Allow me to expand on a previous post, in response to your point on Russian revolutionsaries.
I had said that Ayman Zawahir found that the support in Afghanistan was waning. What had happened was that they failed to win the support of the Afghani Muslims, and that of Muslims in general. Their radicalism was too much, and is not what Muslims were seeking. They had hoped that after the establishment of an Islamic government in Afghanistan, Muslims would migrate to it, train in AQ’s camps, and take the fight to other Muslim nations. Very, very few responded to their call. Just as any human being, a Muslim would seek to improve his/her life, get an education, lead an easier life. Not return to the stone age, which is what Taliban’s doctrine was all about. Zawahiri did not see that, but he did see that his movement was not getting anywhere, and was rejected by mainstream Muslims, the majority of Muslims.

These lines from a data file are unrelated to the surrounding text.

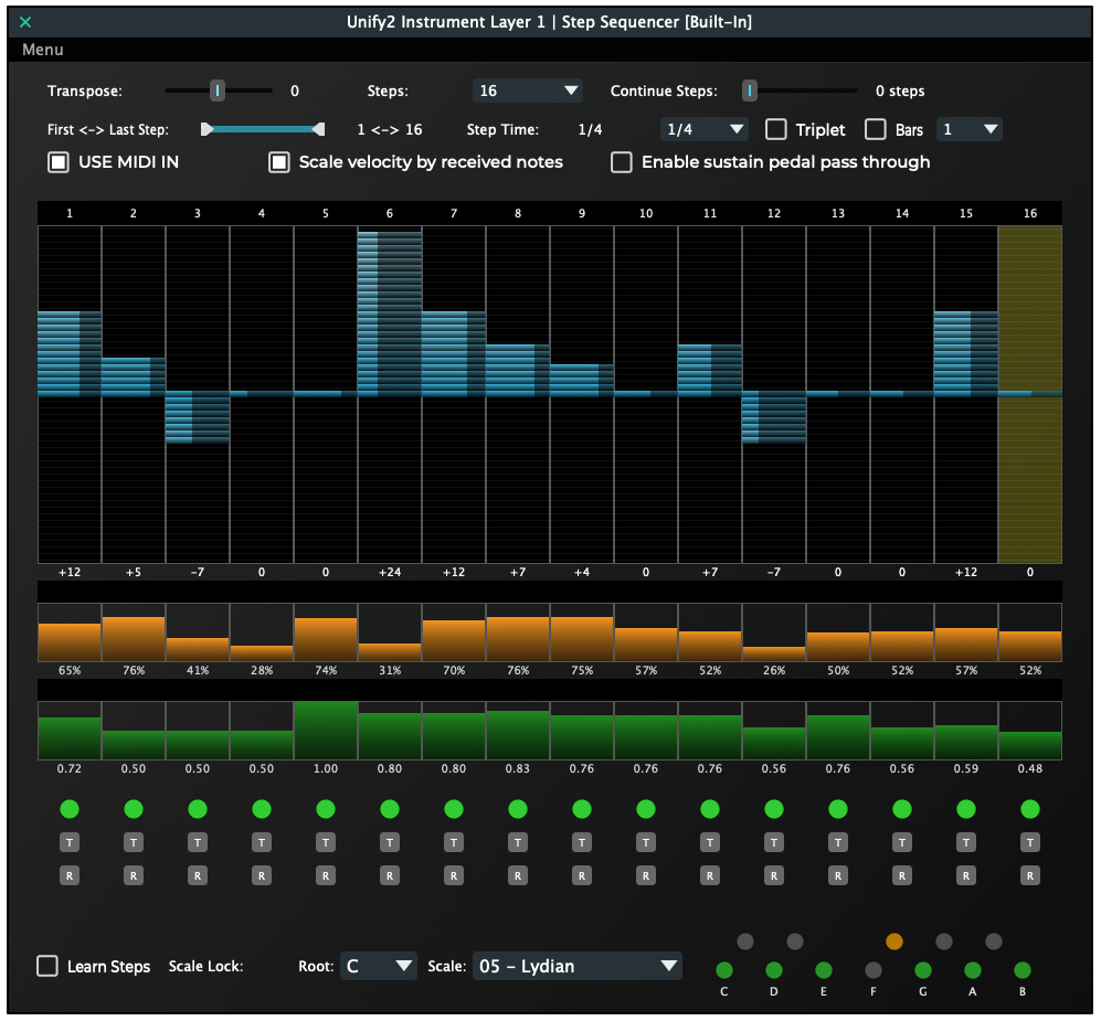 New StepSequencer with tons of controls for creating fun sequences directly inside of Unify 2.0!
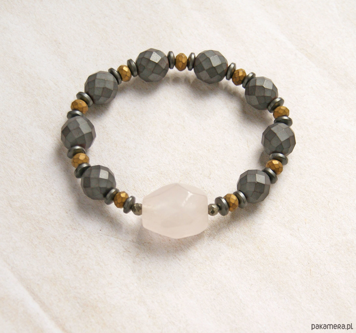 OKAZAŁA, niezwykle efektowna bransoletka na solidnej lince elastycznej, wykonana z ogromnej bryłki kwarcu różowego (ok.20mm). matowego, fasetowanego hematytu (12mm), oponek fasetowanego hematytu.
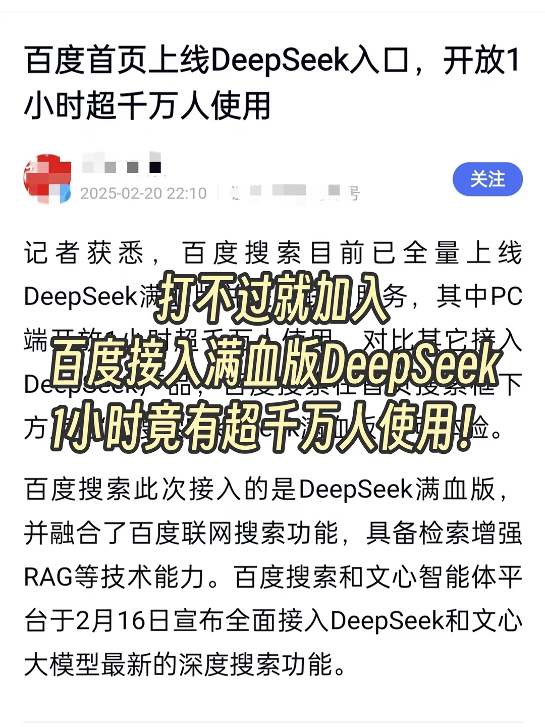 据说百度上线满血版DeepSeek仅1个小时就有超过千万人用,你用了吗?对此你怎么看?
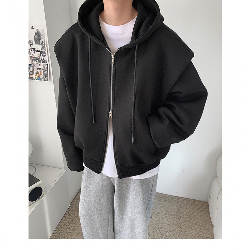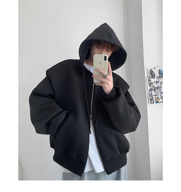 春秋时尚外套男ins高街潮牌原宿风潮流宽松长袖垫肩连帽卫衣男装

Hence the turn to violene, and the attempt to appear as the ones saving the Muslim nations, both from the West and from the corrupt governments that oppress them. Both Muslim governments and the US, the primary Western target, are unpopular among Muslims, and so they got some sympathy. America’s reaction ensured that they received more support (Iraq far more than Afghanistan. Afghanistan was accepted, and would’ve gone down far more smoothly had it not been for Al Jazeera. Still, as journalists, they had a right to report what they saw. But I digress). From trying to save the Muslims through waiting for them to join them in their radicalism, they transformed the fight into a violent one and exported it as far as they can go. All to win support, expand ‘save the Muslims’, and establish the new Caliphate. Your parallel to the Russian case is head on. From trying to appeal to the masses by giving them what they supposedly wanted, to going into terrorism and violence.
I have a question about your move from Sayyid Qutb’s quote to ‘So Islamic Jihaad is only the weapon to free a man from oppression by man and establish God justice on Earth.’ How did you make that jump? Did Qutb say that? I have not read Milestones, though I hear that compared to his other books it’s overrated. Sort of the Manifesto and Marx (short version that does not fully explain the ideas but jumps straight to conclusions. In the longer version, one would find the logic far more appealing than the conclusions)
In defining Jihad, keep in mind, there’s a Jihad against the self, and a Jihad against the aggressor. Which one was he referring to?
In any case, Jihad, in the violent sense of the word, is not the answer to any problem. It has not worked anywhere for Muslims (in the past couple of hundred years, with the exception of maybe Sudan under the Mehdi). The Afghani case would’ve been just as bad had it not been for American and Saudi guns and money.
But, among radical Muslims, there is the assumption that the Islamic state is the natural state of being, irrelvent of the faith of the population. After all, Islam enshrines the protection of People of the Book, and reminds everyone that there is no coercion in religion. Thus they assume that by default an Islamic state is better than any other state . How they make the jump from Islamic governance is good and tolerant to Islamic government for all is beyond me. Then again we wouldn’t be calling them fanatics if they didn’t. If that’s what you were implying, with the Qutb to Jihad, I agree completely. But I’d still argue with them that this is not Jihad as defined the Koran. Not by a long shot.